» Work to be completed
When you copy the listing, reproduce each line as it appears and omit every image.

» Supplied data
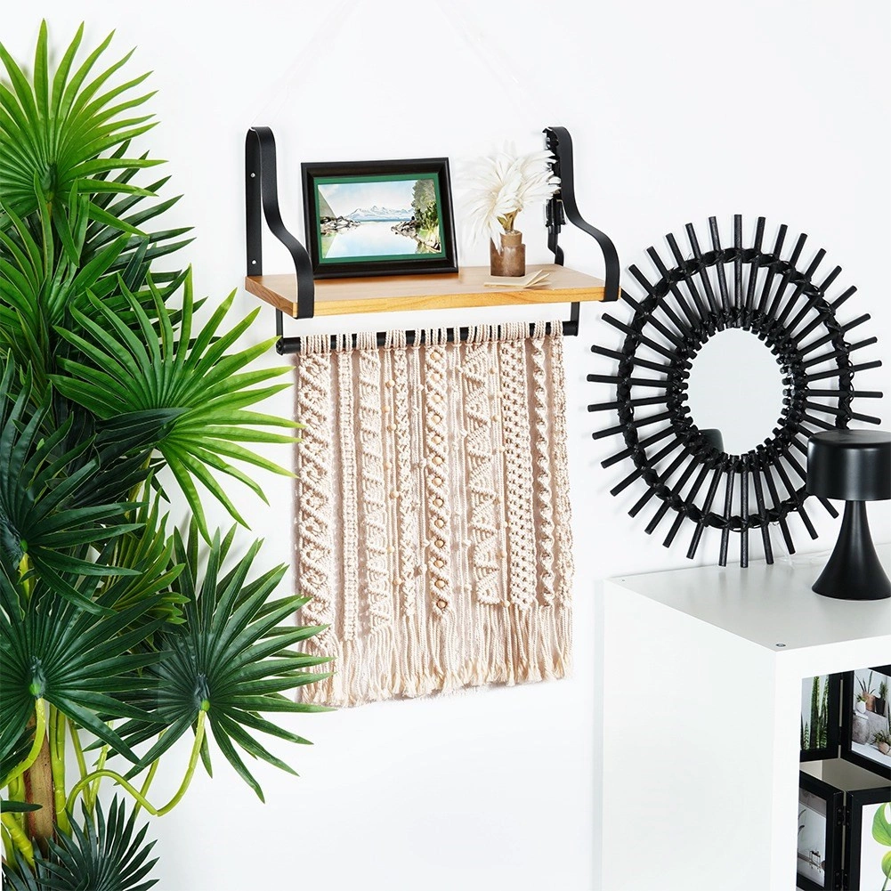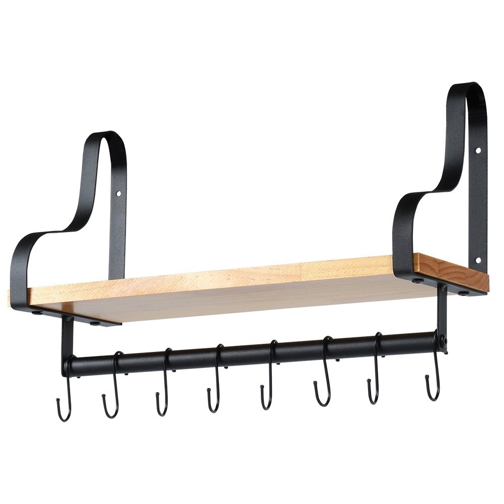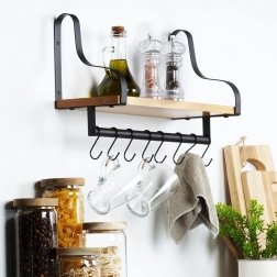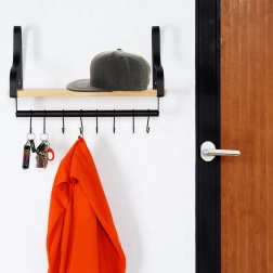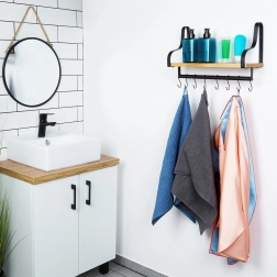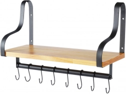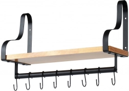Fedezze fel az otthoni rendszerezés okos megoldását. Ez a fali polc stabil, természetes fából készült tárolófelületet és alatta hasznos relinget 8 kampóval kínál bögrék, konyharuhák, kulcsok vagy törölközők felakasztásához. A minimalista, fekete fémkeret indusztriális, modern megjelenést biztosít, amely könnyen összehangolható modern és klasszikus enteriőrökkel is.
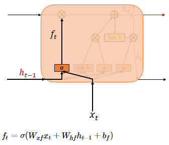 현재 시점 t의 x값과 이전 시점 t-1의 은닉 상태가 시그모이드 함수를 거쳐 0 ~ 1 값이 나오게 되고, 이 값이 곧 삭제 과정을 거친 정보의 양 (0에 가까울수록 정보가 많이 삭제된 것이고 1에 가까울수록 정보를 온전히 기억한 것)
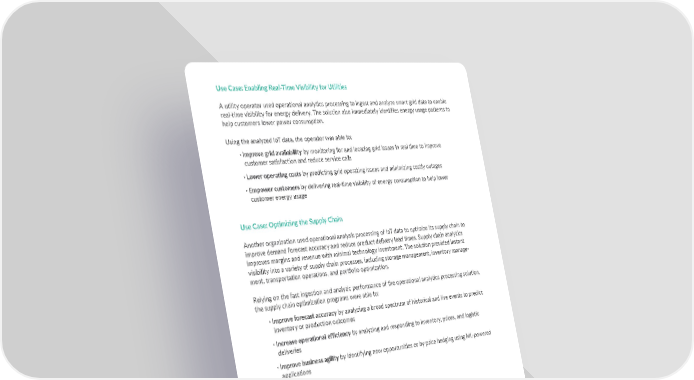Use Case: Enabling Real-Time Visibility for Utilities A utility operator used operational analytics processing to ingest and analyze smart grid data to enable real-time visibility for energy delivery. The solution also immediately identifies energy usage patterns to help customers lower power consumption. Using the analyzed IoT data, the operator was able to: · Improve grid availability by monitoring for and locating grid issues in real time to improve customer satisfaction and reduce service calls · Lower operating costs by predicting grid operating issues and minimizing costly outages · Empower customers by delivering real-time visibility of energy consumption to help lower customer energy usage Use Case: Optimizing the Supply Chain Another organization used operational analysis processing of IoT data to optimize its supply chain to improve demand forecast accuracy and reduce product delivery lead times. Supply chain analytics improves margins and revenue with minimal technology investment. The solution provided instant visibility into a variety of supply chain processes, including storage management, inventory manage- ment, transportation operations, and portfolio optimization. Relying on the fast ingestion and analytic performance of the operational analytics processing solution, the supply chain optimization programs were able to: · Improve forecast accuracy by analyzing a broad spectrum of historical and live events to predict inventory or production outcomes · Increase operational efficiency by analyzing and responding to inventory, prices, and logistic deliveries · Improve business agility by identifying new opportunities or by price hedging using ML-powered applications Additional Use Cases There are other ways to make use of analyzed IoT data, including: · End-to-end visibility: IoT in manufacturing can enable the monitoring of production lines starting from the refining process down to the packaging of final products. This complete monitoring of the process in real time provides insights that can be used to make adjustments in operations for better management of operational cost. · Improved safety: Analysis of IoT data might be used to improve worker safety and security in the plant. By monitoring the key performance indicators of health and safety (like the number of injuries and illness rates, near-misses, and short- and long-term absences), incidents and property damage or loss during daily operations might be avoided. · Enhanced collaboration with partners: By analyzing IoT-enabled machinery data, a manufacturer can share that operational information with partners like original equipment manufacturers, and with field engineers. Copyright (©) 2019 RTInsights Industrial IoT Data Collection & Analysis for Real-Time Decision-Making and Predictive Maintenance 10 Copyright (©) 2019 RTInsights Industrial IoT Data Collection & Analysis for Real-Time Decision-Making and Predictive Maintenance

» Solution for this problem
Fedezze fel az otthoni rendszerezés okos megoldását. Ez a fali polc stabil, természetes fából készült tárolófelületet és alatta hasznos relinget 8 kampóval kínál bögrék, konyharuhák, kulcsok vagy törölközők felakasztásához. A minimalista, fekete fémkeret indusztriális, modern megjelenést biztosít, amely könnyen összehangolható modern és klasszikus enteriőrökkel is.
 현재 시점 t의 x값과 이전 시점 t-1의 은닉 상태가 시그모이드 함수를 거쳐 0 ~ 1 값이 나오게 되고, 이 값이 곧 삭제 과정을 거친 정보의 양 (0에 가까울수록 정보가 많이 삭제된 것이고 1에 가까울수록 정보를 온전히 기억한 것)
Use Case: Enabling Real-Time Visibility for Utilities A utility operator used operational analytics processing to ingest and analyze smart grid data to enable real-time visibility for energy delivery. The solution also immediately identifies energy usage patterns to help customers lower power consumption. Using the analyzed IoT data, the operator was able to: · Improve grid availability by monitoring for and locating grid issues in real time to improve customer satisfaction and reduce service calls · Lower operating costs by predicting grid operating issues and minimizing costly outages · Empower customers by delivering real-time visibility of energy consumption to help lower customer energy usage Use Case: Optimizing the Supply Chain Another organization used operational analysis processing of IoT data to optimize its supply chain to improve demand forecast accuracy and reduce product delivery lead times. Supply chain analytics improves margins and revenue with minimal technology investment. The solution provided instant visibility into a variety of supply chain processes, including storage management, inventory manage- ment, transportation operations, and portfolio optimization. Relying on the fast ingestion and analytic performance of the operational analytics processing solution, the supply chain optimization programs were able to: · Improve forecast accuracy by analyzing a broad spectrum of historical and live events to predict inventory or production outcomes · Increase operational efficiency by analyzing and responding to inventory, prices, and logistic deliveries · Improve business agility by identifying new opportunities or by price hedging using ML-powered applications Additional Use Cases There are other ways to make use of analyzed IoT data, including: · End-to-end visibility: IoT in manufacturing can enable the monitoring of production lines starting from the refining process down to the packaging of final products. This complete monitoring of the process in real time provides insights that can be used to make adjustments in operations for better management of operational cost. · Improved safety: Analysis of IoT data might be used to improve worker safety and security in the plant. By monitoring the key performance indicators of health and safety (like the number of injuries and illness rates, near-misses, and short- and long-term absences), incidents and property damage or loss during daily operations might be avoided. · Enhanced collaboration with partners: By analyzing IoT-enabled machinery data, a manufacturer can share that operational information with partners like original equipment manufacturers, and with field engineers. Copyright (©) 2019 RTInsights Industrial IoT Data Collection & Analysis for Real-Time Decision-Making and Predictive Maintenance 10 Copyright (©) 2019 RTInsights Industrial IoT Data Collection & Analysis for Real-Time Decision-Making and Predictive Maintenance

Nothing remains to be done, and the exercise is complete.